▸ **Your goal**: Beginning at the line containing "En vente est" in the material below and ending at the line containing "Y la semana", return each line exactly and add nothing.

[Records for this task — start]

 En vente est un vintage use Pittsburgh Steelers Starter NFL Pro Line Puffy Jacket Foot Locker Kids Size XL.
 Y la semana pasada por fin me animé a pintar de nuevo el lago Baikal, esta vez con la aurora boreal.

[Records for this task — finish]
[Records for this task — start]

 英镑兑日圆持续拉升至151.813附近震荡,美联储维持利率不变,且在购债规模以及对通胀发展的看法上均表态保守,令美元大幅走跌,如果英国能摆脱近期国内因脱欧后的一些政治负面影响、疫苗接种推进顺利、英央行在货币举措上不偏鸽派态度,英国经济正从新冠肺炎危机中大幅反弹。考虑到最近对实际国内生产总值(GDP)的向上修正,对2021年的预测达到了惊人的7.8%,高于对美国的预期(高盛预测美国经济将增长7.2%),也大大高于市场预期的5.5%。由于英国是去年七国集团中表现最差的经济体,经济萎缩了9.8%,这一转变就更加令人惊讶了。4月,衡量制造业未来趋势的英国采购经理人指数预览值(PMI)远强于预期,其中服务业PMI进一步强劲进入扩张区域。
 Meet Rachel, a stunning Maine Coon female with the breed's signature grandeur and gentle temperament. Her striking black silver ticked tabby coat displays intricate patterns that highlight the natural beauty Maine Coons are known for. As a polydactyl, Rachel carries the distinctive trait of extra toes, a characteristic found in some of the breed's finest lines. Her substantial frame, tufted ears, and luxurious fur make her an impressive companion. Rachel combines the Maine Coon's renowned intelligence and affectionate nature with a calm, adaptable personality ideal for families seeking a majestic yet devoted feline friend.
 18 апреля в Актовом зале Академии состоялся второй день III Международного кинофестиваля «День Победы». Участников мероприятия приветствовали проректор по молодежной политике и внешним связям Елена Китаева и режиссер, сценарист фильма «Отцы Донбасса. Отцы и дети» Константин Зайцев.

[Records for this task — finish]

▸ **Completed task**:
 En vente est un vintage use Pittsburgh Steelers Starter NFL Pro Line Puffy Jacket Foot Locker Kids Size XL.
 Y la semana pasada por fin me animé a pintar de nuevo el lago Baikal, esta vez con la aurora boreal.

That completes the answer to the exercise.